Calculates and expounds on the costs to individual Americans of the War on Terror
Are Americans in denial about the costs of the War on Terror? In The Real Price of War, Joshua S. Goldstein argues that we need to face up to what the war costs the average American-both in taxes and in changes to our way of life. Goldstein contends that in order to protect the United States from future attacks, we must fight-and win-the War on Terror. Yet even as President Bush campaigns on promises of national security, his administration is cutting taxes and increasing deficit spending, resulting in too little money to eradicate terrorism and a crippling burden of national debt for future generations to pay.
The Real Price of War breaks down billion-dollar government expenditures into the prices individual Americans are paying through their taxes.
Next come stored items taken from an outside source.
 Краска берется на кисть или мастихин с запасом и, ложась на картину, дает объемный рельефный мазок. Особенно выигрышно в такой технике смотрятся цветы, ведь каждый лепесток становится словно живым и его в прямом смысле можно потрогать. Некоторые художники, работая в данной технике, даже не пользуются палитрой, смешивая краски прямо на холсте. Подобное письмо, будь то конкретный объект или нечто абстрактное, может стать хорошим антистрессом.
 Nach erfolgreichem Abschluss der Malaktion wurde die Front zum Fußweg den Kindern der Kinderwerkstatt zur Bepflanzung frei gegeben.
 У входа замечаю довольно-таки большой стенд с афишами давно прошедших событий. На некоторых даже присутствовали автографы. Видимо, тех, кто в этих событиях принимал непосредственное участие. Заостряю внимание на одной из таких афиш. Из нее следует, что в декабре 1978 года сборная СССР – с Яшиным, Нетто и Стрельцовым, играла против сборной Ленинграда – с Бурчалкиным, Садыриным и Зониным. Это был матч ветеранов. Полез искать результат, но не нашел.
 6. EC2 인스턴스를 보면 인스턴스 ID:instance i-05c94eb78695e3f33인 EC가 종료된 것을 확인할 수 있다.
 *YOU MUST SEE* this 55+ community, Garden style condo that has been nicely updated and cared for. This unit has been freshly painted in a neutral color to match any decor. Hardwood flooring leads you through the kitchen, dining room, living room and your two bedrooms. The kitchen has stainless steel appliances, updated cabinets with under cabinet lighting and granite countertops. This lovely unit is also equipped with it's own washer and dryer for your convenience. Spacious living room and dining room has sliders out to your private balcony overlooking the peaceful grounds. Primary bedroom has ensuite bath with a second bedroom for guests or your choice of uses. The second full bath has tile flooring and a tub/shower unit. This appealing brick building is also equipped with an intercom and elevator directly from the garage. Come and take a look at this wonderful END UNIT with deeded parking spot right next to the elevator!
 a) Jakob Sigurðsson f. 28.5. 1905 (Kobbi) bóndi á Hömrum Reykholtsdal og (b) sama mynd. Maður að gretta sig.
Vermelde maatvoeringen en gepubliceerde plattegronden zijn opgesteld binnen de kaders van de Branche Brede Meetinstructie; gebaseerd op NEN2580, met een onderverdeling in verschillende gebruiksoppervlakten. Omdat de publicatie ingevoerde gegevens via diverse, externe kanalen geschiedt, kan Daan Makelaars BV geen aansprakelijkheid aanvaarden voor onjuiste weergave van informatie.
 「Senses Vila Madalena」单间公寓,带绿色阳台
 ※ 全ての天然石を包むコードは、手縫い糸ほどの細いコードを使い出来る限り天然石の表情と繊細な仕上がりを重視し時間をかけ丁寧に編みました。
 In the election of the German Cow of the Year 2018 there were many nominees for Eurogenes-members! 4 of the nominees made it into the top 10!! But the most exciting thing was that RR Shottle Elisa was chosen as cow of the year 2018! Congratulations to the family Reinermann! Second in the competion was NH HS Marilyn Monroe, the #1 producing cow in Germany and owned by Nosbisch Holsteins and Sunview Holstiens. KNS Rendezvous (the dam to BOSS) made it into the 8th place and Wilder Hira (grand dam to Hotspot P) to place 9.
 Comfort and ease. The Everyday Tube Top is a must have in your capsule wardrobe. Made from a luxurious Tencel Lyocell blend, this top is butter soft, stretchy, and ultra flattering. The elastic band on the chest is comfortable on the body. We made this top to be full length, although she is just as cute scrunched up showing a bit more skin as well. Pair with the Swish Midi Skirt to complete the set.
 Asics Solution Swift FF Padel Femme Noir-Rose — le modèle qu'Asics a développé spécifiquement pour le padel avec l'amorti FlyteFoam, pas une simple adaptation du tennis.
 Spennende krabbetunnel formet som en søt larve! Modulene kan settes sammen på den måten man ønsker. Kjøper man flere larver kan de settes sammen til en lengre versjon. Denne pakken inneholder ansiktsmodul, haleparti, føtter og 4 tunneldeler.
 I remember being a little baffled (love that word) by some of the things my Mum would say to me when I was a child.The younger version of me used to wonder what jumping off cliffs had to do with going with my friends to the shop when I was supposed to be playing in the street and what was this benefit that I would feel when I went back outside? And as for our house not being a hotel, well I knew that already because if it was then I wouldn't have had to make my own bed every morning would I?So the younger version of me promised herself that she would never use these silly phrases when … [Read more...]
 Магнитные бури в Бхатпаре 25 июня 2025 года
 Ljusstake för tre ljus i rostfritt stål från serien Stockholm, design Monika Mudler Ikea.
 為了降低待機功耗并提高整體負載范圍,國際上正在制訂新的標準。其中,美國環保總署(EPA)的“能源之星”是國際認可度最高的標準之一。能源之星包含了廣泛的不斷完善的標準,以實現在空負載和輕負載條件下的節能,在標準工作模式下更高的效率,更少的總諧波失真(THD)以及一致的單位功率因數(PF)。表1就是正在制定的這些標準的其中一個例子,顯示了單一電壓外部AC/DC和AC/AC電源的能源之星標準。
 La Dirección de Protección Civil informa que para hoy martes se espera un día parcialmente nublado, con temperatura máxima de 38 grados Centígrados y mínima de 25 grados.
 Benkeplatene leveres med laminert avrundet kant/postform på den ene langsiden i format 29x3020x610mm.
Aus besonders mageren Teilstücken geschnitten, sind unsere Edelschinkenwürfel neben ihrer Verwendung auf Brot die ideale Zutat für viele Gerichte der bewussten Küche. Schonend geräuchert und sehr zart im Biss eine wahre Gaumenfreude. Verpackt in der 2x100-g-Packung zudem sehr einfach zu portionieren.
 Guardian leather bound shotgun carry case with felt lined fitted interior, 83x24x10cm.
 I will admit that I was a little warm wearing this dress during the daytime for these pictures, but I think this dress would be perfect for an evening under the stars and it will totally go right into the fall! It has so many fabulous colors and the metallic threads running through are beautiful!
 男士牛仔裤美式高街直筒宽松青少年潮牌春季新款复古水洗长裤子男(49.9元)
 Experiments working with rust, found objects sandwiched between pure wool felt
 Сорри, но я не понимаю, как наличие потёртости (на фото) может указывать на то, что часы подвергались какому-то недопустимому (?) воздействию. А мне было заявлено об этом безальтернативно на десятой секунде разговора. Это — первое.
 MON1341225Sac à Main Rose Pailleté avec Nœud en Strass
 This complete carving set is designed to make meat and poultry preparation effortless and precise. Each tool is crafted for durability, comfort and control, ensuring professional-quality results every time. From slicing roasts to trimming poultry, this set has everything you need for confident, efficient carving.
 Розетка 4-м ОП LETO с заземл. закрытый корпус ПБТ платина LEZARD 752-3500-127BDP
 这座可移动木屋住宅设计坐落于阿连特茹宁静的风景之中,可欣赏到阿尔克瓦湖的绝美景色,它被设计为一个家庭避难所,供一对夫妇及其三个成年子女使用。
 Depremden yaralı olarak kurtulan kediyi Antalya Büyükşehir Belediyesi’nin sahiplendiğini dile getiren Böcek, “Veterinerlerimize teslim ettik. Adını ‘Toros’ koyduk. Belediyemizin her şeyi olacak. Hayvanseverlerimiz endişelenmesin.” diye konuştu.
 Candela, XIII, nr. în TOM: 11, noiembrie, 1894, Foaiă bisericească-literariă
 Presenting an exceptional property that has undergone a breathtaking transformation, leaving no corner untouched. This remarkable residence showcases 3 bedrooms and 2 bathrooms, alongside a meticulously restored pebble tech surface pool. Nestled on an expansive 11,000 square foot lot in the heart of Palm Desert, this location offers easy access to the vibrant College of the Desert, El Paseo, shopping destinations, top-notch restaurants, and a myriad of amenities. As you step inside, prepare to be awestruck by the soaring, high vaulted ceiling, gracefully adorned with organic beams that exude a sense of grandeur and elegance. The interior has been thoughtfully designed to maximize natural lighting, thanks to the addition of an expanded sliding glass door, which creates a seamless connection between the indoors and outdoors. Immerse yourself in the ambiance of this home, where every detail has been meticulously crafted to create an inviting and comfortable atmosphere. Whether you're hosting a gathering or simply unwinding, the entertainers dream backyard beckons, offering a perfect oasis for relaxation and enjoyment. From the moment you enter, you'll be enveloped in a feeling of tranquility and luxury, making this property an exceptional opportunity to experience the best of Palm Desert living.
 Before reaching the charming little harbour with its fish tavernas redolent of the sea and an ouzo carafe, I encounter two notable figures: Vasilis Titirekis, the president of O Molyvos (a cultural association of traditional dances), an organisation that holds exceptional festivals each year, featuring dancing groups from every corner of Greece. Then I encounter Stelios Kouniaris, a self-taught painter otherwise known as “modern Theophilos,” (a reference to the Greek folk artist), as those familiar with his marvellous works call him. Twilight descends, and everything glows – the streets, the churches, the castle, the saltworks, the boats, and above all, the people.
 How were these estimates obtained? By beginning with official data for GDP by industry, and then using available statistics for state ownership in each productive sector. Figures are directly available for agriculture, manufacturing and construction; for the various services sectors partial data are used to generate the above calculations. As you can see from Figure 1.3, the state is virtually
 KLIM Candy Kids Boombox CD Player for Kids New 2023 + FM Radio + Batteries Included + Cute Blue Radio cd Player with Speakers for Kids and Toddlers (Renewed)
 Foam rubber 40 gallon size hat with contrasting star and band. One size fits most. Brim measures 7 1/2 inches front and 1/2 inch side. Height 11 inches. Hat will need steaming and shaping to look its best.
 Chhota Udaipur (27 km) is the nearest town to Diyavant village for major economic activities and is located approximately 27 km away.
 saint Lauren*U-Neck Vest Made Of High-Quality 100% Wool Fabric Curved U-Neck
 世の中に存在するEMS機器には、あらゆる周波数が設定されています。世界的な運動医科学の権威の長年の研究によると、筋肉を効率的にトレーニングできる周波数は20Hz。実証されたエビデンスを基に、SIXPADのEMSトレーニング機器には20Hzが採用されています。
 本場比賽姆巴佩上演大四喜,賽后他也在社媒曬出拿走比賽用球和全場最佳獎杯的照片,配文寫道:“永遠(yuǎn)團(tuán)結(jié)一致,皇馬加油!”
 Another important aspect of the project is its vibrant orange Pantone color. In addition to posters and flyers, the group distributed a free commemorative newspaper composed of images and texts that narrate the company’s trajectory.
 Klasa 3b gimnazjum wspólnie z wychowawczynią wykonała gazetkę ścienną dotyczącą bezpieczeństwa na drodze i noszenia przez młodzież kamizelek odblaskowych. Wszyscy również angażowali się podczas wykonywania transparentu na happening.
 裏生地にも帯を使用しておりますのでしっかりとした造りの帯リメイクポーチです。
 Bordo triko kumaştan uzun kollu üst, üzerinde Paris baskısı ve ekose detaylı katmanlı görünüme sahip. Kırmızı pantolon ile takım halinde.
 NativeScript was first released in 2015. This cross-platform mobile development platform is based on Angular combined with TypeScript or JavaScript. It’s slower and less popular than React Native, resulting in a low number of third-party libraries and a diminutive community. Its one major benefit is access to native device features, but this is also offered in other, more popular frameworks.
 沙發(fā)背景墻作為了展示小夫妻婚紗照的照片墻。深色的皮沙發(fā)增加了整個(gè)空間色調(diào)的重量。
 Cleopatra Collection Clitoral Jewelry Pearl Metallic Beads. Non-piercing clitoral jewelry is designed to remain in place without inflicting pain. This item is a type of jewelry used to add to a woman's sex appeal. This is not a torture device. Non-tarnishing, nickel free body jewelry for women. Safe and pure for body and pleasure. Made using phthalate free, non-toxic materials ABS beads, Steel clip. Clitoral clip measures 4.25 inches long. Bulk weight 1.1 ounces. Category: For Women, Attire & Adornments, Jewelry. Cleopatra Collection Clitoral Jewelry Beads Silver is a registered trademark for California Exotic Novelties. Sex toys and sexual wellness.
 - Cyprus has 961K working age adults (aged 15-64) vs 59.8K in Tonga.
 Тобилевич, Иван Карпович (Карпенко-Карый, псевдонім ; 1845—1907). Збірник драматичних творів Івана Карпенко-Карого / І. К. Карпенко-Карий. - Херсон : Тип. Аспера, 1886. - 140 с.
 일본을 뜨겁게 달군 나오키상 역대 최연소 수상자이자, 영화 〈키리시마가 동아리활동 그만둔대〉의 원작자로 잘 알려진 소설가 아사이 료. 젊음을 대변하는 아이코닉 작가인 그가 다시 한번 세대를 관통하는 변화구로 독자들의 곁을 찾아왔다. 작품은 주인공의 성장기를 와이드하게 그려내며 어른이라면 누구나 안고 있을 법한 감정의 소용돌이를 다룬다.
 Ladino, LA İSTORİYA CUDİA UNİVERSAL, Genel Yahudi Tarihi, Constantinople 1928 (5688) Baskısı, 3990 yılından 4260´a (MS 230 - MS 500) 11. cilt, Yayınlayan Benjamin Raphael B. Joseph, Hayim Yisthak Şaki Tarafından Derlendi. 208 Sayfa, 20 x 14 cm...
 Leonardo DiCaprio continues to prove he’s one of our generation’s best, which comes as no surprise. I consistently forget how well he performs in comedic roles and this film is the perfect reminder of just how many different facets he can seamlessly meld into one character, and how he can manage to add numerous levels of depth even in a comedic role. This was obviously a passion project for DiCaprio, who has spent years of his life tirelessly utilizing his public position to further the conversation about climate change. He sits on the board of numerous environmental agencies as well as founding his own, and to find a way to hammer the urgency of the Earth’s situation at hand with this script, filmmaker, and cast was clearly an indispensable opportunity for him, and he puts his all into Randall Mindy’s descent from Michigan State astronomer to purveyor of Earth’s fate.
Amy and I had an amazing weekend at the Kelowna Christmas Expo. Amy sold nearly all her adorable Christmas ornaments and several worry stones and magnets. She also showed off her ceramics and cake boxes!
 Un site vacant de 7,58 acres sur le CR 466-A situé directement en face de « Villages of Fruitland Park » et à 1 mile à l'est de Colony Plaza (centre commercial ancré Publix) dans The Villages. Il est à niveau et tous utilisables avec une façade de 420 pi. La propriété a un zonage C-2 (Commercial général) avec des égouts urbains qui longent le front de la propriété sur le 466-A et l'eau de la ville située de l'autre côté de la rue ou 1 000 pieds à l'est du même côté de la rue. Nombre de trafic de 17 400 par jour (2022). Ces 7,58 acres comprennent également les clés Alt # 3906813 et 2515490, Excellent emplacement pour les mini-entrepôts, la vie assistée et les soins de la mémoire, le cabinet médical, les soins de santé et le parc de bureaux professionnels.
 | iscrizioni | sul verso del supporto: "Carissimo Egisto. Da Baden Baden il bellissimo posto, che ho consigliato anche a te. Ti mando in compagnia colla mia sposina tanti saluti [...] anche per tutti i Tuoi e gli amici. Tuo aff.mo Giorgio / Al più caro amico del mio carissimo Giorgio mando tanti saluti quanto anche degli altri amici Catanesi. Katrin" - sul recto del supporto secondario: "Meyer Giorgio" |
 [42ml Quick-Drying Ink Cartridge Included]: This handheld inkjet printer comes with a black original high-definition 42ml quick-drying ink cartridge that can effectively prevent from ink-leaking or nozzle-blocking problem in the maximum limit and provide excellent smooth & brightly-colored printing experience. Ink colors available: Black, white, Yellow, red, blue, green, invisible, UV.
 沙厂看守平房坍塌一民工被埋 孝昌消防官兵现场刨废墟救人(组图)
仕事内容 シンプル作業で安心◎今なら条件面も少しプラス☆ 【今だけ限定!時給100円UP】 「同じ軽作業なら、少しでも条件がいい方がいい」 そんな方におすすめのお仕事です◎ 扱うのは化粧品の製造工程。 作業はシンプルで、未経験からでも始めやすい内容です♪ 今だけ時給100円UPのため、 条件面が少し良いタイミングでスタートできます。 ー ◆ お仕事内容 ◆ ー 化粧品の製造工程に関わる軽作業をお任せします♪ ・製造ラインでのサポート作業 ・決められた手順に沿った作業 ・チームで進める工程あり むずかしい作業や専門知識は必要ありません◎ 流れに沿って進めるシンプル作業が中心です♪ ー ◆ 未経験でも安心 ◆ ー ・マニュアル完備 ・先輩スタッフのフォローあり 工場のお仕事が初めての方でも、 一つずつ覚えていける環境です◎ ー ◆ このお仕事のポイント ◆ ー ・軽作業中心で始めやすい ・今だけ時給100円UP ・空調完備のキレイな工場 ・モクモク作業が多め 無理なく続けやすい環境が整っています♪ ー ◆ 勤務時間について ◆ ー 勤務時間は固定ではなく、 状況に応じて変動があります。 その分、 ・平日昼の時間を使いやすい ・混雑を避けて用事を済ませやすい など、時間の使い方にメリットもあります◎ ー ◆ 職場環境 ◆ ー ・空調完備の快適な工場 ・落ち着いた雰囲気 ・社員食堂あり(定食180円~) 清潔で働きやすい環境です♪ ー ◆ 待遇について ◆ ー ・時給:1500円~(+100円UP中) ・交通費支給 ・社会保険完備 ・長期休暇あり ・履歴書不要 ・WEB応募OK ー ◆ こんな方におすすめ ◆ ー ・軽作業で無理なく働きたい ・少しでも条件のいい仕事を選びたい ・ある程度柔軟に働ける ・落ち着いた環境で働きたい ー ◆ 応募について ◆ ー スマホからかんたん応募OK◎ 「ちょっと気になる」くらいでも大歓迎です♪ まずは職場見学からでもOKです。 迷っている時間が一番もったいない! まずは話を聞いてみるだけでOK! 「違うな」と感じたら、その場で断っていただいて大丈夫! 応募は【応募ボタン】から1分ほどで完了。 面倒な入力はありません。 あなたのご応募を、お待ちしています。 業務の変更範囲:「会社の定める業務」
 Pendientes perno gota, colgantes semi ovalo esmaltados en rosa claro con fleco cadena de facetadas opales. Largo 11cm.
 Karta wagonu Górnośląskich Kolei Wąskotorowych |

Goldstein estimates that the average American household currently pays $500 each month to finance war. Beyond the dollars and cents that finance military operations and increased security within the U.S., the War on Terror also costs America in less tangible ways, including lost lives, reduced revenue from international travelers, and budget pressures on local governments. The longer the war continues, the greater these costs. In order to win the war faster, Goldstein argues for an increase in war funding, at a cost of about $100 per household per month, to better fund military spending, homeland security, and foreign aid and diplomacy.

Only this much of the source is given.